The New Notes were issued pursuant to an offering memorandum dated July 24, 2024 (the “Offering Memorandum”) and an indenture dated July 30, 2024. Any investment decision to purchase any New Notes should be made solely on the basis of the information contained in the Offering Memorandum, and no reliance is to be placed on any representations other than those contained in the Offering Memorandum.
The distribution of this announcement in certain jurisdictions may be restricted by law. Persons into whose possession this announcement comes are required by each of the Company, the Dealer Managers and the Information and Tender Agent to inform themselves about and to observe any such restrictions.
General
This announcement does not constitute an offer to buy or the solicitation of an offer to sell the Maximum Tender Offer Notes (and tenders of Maximum Tender Offer Notes in the Maximum Tender Offer will not be accepted from Holders) in any circumstances in which such offer or solicitation or acceptance is unlawful.
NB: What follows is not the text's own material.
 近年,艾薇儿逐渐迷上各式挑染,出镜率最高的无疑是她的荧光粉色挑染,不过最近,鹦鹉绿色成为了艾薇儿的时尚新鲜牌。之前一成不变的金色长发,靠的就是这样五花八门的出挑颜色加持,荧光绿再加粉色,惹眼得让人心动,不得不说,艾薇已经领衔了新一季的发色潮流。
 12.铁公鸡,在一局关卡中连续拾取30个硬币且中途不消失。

In those jurisdictions where the securities, blue sky or other laws require the Maximum Tender Offer to be made by a licensed broker or dealer and any Dealer Manager or any of the Dealer Managers’ affiliates is such a licensed broker or dealer in any such jurisdiction, the Maximum Tender Offer shall be deemed to be made by such Dealer Manager or such Dealer Manager’s affiliate, as the case may be, on behalf of the Company in such jurisdiction.
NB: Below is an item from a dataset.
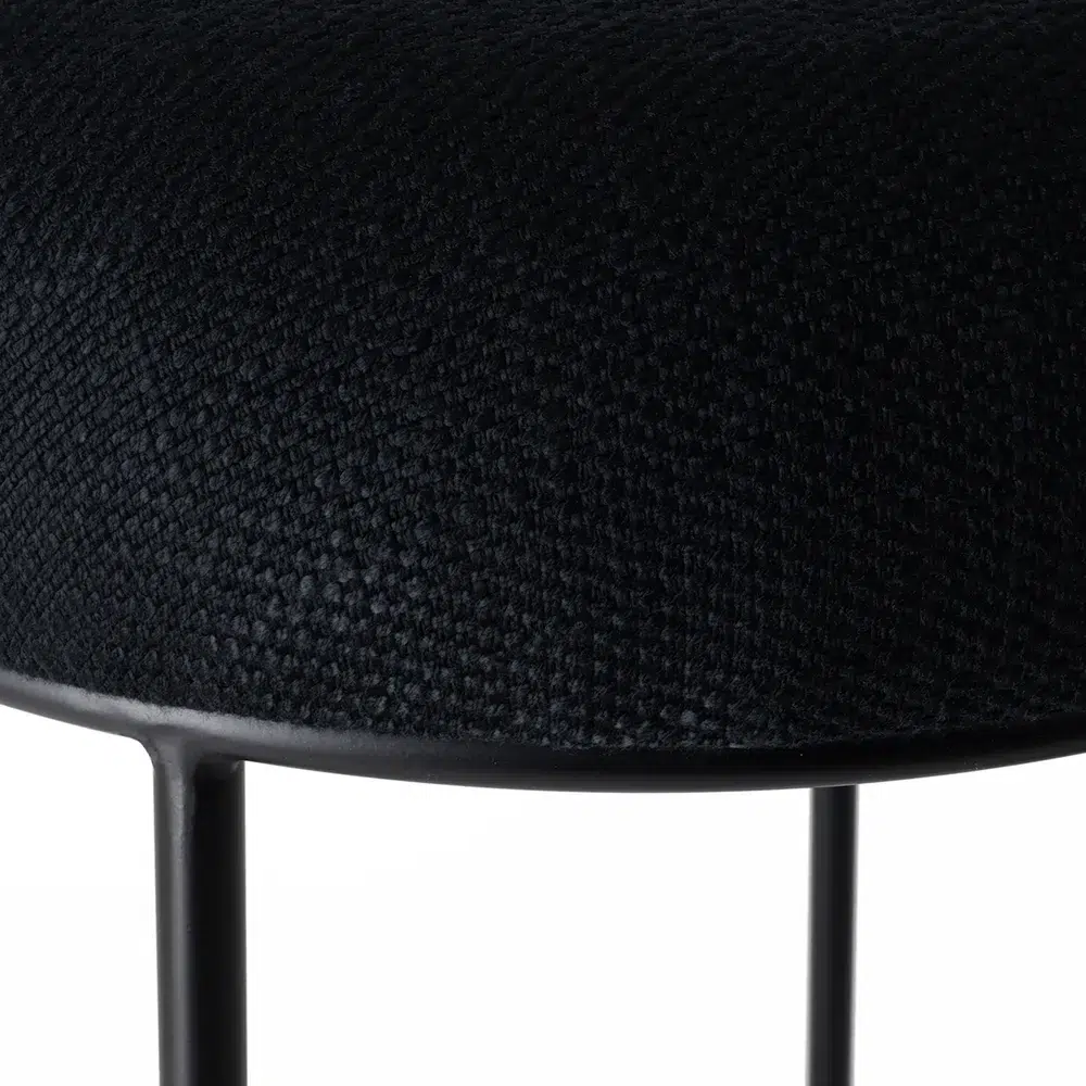 The Aiden Black Steel Bar Stool combines a clean, minimalist silhouette with practical comfort. Its cushioned round seat is upholstered in a premium black linen blend (78.1% viscose, 13.6% cotton, 8.4% linen), offering a soft yet durable surface that complements contemporary interiors. The stool’s 76cm height makes it perfectly suited for standard bar counters and kitchen islands, while the fixed footrest—positioned 25cm from the floor—provides added support during extended seating.

The Maximum Tender Offer does not constitute an offer to purchase in Chile or to any resident of Chile, except as permitted by applicable Chilean law. The Maximum Tender Offer will not constitute a public offer in Chile, and therefore will not be (a) subject to registration with the Chilean Financial Market Commission (Comisión para el Mercado Financiero or “CMF”); nor (b) made through any of the stock exchanges in Chile.
Each tendering Holder participating in the Maximum Tender Offer will be deemed to give certain representations in respect of the jurisdictions referred to above and generally as set out in the section titled “Description of the Offers—Procedures for Tendering Notes—Other Matters” in the Offer to Purchase. Any tender of the Maximum Tender Offer Notes for purchase pursuant to the Maximum Tender Offer from a Holder that is unable to make these representations will not be accepted. Each of the Company, the Dealer Managers and the Information and Tender Agent reserves the right, in its sole and absolute discretion, to investigate, in relation to any tender of Maximum Tender Offer Notes for purchase pursuant to the Maximum Tender Offer, whether any such representation given by a Holder is correct and, if such investigation is undertaken and as a result the Company determines (for any reason) that such representation is not correct, such tender shall not be accepted.
None of the Company, its board of directors, its officers, the Dealer Managers, the depositary, the information agent or the trustee with respect to the Maximum Tender Offer Notes, or any of their respective affiliates, makes any recommendation that holders tender or refrain from tendering all or any portion of the principal amount of their Maximum Tender Offer Notes, and no one has been authorized by any of them to make such a recommendation. Holders must make their own decision as to whether to tender their Maximum Tender Offer Notes and, if so, the principal amount of Maximum Tender Offer Notes to tender.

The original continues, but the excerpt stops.